To test GraalVM, I first created a JAR file named FIND.jar from the first four algorithms, then used commands like these to create a native image:

native-image --no-server -cp $SCALA_HOME/lib/scala-library.jar -jar FIND.jar

native-image -cp $SCALA_HOME/lib/scala-library.jar:FIND.jar JavaNioFiles$delayedInit$body

They consistently ran at about 56 seconds.

Note to self: I first set up my Graal environment like this:

export JAVA_HOME=/Users/al/bin/graalvm-ce-19.1.1/Contents/Home
export PATH=/Users/al/bin/graalvm-ce-19.1.1/Contents/Home/bin:$PATH

8. wc -l

The MacOS wc -l command ran in about 15.8 seconds.

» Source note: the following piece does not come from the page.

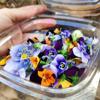 Съедобные цветы анютиных глазок (виолы) для украшения готовых блюд. В срезе 15 штук. Выращивается в закрытом органическом грунте без использования удобрений и химикатов в небольшом тепличном хозяйстве в Московской области.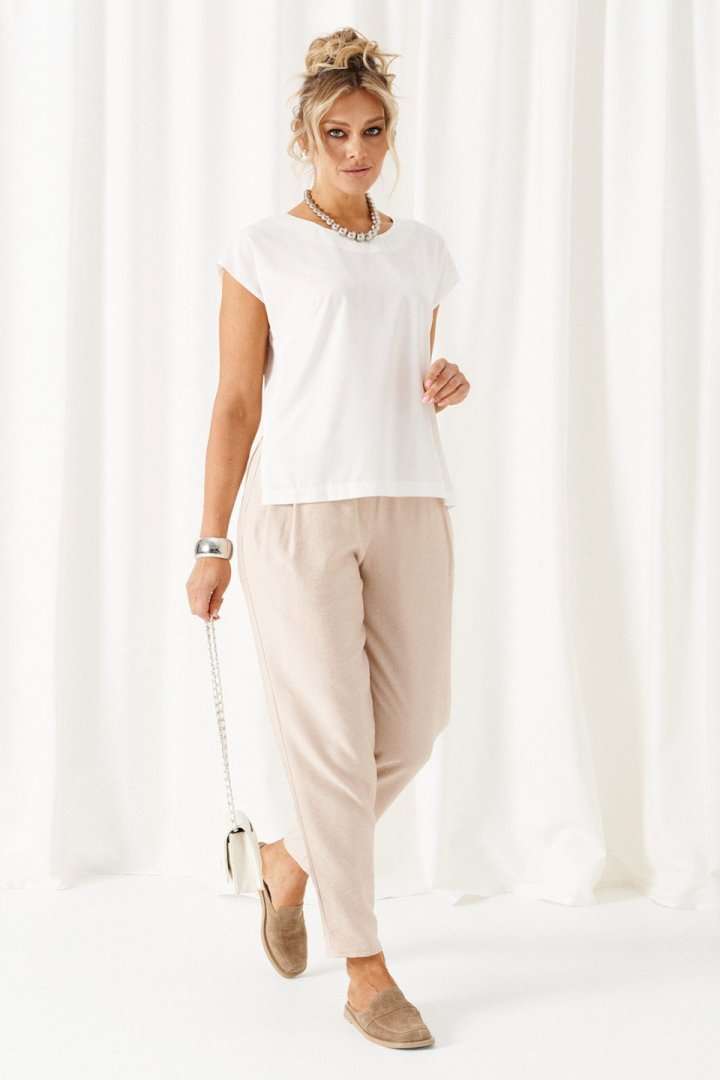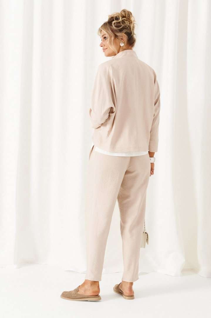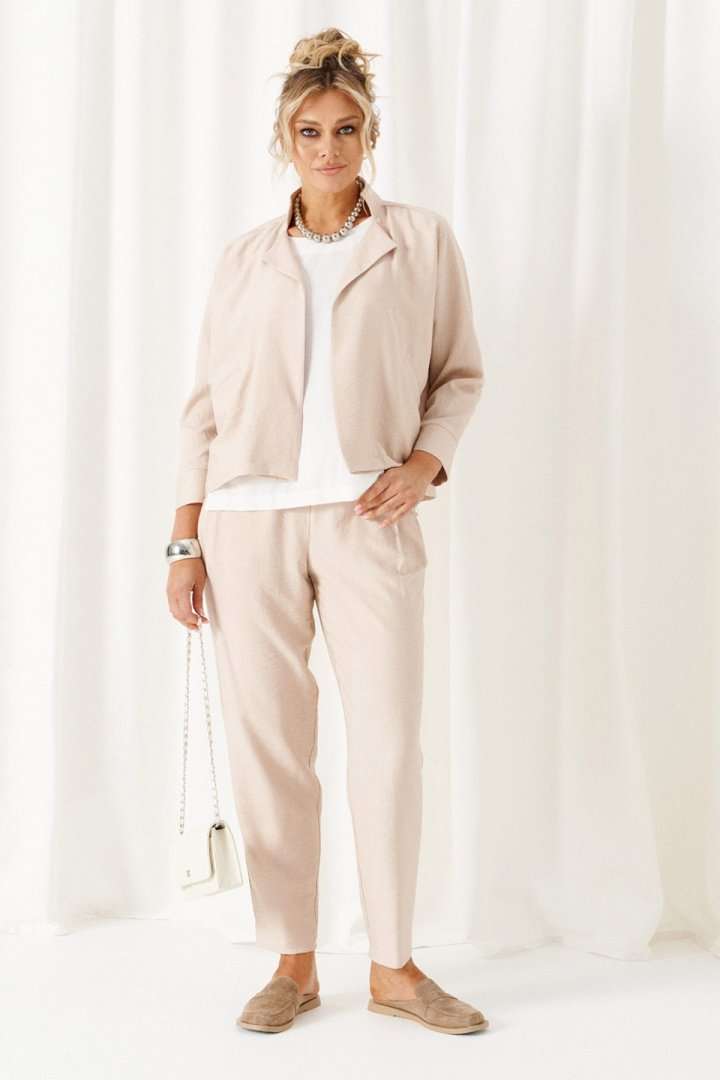 Состав: жакет, брюки – лен 80%; вискоза 20%, блузка – пэ 68%, вискоза 27%; спандекс 5%

It’s worth mentioning again that my final purpose wasn’t to create a line-count algorithm. I just wanted to see which file-reading approach might be fastest before I started applying my Apache access log parsing for this project’s needs.

General testing procedure

As noted above, in all of the Java examples I created a JAR file with the SBT package command and then ran that JAR file with a simple java command, with no special command-line options. I wrapped that command in a time command, like this:

time java -cp ".:FIND.jar:$SCALA_HOME/lib/scala-library.jar" BufferedReader1$delayedInit$body

I then created a Graal native image from each JAR file and then ran it with the time command as well:

time ./find

I only gave myself 90 minutes for these tests, but I tried to do different things on the filesystem in between each test run. I didn’t know if any form of caching could come in to play here, so I tried to keep the SSD busy in between tests.

That’s all

I shared the summary of my findings at the beginning of this article, so there isn’t much else to say, other than I’ll try to work with the GraalVM people to see why Graal is so slow in this use-case.

One more thing that seems worth mentioning is that I didn’t try to use Apache Spark on this project, mostly because it seemed like overkill for my needs.